The female of the common shipworm retains the young in her burrow until they have attained the larval stage. Then they are launched into the sea–each a tiny being enclosed in two protective shells, looking like any other young bivalve. If it encounters wood when it has reached the threshold of adulthood, all goes well. It puts out a slender byssus thread as an anchor, a foot develops, and the shells become modified into efficient cutting tools, for rows of sharp ridges appear on their outer surfaces. The burrowing begins. With a powerful muscle, the animal scrapes the ridged shell against the wood, revolving meanwhile so that a smooth, cylindrical burrow is cut. As the burrow is extended, usually with the grain of the wood, the body of the shipworm grows. One end remains attached to the wall near the tiny point of entrance. This bears the siphons through which contact with the sea is maintained. The penetrating end carries the small shells. Between stretches a body that is thin as a lead pencil, but may reach a length of eighteen inches. Although a timber may be infested with hundreds of larvae, the burrows of the shipworms never interfere with each other. If an animal finds itself coming close to another burrow, it invariably turns aside. As it bores, it passes the loosened fragments of wood through its digestive tract. Some of the wood is digested and converted into glucose.

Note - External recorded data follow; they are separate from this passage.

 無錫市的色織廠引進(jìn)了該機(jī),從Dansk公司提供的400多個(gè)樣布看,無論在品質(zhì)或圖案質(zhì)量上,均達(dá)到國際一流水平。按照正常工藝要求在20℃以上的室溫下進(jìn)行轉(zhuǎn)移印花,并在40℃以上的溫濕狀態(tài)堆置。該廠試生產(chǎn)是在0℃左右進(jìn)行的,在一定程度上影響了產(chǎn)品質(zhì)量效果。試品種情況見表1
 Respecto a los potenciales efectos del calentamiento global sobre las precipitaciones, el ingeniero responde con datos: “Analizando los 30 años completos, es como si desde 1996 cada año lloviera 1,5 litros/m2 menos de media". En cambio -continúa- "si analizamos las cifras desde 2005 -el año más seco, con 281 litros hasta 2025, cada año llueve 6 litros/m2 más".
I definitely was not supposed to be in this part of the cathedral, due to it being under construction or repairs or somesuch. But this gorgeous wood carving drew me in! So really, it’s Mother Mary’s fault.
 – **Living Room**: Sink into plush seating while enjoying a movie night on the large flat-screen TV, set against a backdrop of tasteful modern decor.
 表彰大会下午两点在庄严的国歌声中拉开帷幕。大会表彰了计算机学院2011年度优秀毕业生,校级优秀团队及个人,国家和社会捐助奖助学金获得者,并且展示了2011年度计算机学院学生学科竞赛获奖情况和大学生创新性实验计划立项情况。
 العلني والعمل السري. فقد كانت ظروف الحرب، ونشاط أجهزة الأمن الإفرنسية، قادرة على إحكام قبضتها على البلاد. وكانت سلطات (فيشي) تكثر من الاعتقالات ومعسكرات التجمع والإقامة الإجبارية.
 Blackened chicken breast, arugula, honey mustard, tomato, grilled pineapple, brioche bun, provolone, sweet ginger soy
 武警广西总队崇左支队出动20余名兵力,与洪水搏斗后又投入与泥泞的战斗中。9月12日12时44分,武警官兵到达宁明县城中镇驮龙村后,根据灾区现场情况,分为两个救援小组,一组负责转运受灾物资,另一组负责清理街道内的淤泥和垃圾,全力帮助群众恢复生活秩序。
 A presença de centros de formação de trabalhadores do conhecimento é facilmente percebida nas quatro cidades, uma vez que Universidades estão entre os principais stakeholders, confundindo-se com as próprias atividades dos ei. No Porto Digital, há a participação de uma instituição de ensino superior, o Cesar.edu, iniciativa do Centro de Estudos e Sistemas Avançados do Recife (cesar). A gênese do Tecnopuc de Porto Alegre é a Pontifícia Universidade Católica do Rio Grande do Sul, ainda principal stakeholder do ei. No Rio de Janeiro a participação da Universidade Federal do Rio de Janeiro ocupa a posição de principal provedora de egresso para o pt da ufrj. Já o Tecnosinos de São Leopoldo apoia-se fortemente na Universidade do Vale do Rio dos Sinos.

This ability to digest cellulose is rare in the animal world–only certain snails, certain insects, and a very few others possess it. But the shipworm makes little use of this difficult art, and feeds chiefly on the rich plankton streaming through its body.

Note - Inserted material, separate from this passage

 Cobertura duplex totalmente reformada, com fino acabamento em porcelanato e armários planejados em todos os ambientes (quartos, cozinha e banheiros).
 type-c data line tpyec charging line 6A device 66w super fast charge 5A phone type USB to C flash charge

Other timbers on the beach bear the marks of the wood piddock. These are shallow holes that penetrate only the outer portions just beneath the bark, but they are broad and cleanly cylindrical. The boring piddock is seeking only shelter and protection. Unlike the shipworm, it does not digest the wood, but lives only on the plankton that it draws into its body through a protruding siphon.

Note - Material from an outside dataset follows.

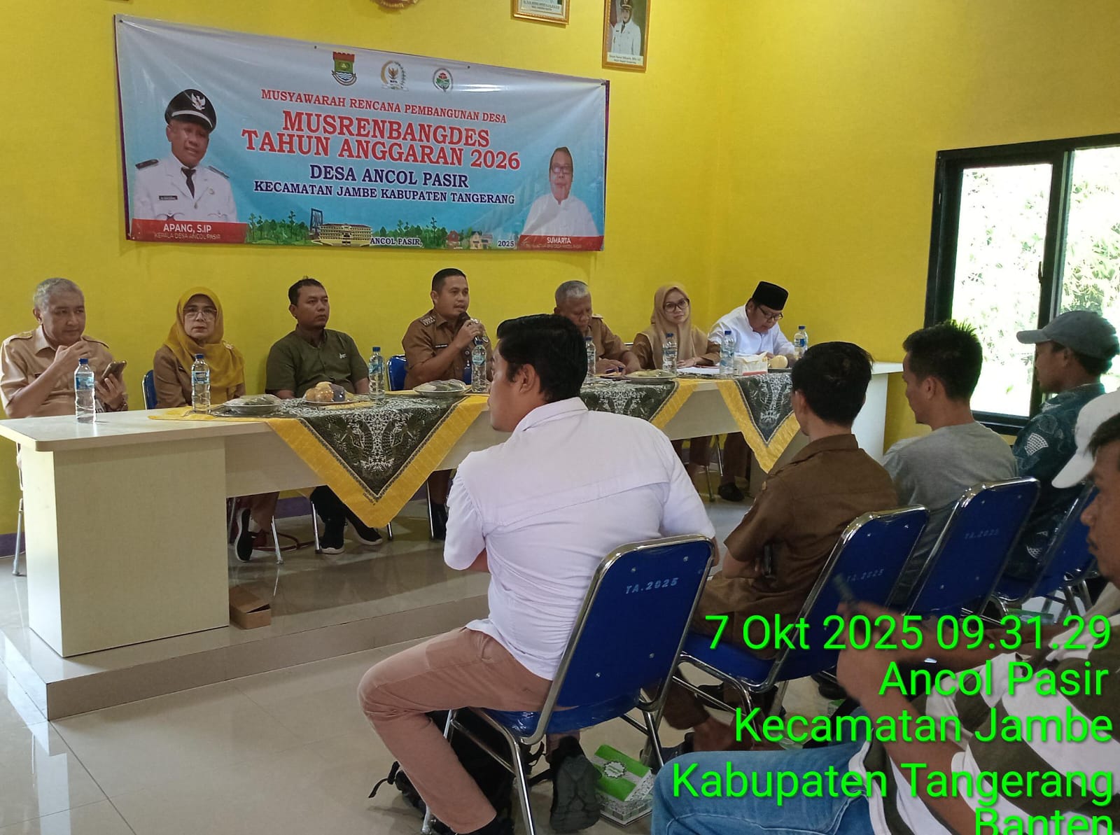 CHAKRANEWS.MY.ID TANGERANG,- Musyawarah Rencana Pembangunan ( Musrenbang ) TA 2025 yang selalu dilaksanakan disetiap Daerah Secara nasional, sudah seharusnya dilaksakan dalam penggunaan anggaran dalam perencaan seperti pembangunan Insfratruktur jalan, sarana bagi umum, ketahan pangan dan lainnya sesuai usulan dari setiap daerah, seperti dalam Musyawarah Penyusunan Rencana Kerja Pemerintah Desa ( RKPDES ) tahun 2026 di Desa Ancol pasir Kecamatan jambe Kabupaten Tangerang diharapkan nantinya dapat terselesaikan dengan baik dan bermanfaat bagi masyarakat.07/10/2025.
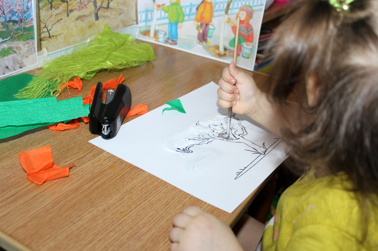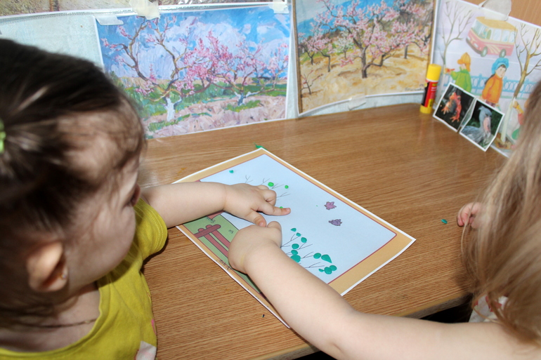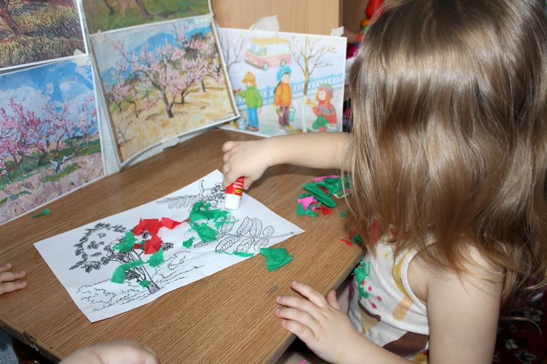 Насте очень понравились картины с весенними деревьями, я их повесила на стену и она в течении дня подходила и разглядывала их.

Empty piddock holes sometimes attract other lodgers, as abandoned birds’ nests may become homes for insects. On the muddy banks of salt creeks at Bears Bluff in South Carolina, I have picked up timbers riddled with holes. Once stout little white‑shelled piddocks dwelt in them. The piddocks were long since dead and even the shells were gone, but in each hole was a dark glistening body like a raisin embedded in a cake. They were the contracted tissues of small anemones, finding there, in this world of silt‑laden water and yielding mud, that bit of firm foundation which anemones must have. Seeing anemones in such an improbable place, one wonders how the larvae happened to be there, ready to seize the chance opportunity presented by that timber with its neatly excavated apartments; and one is struck anew by the enormous waste of life, remembering that for each of these anemones that succeeded in finding a home, many thousands must have failed.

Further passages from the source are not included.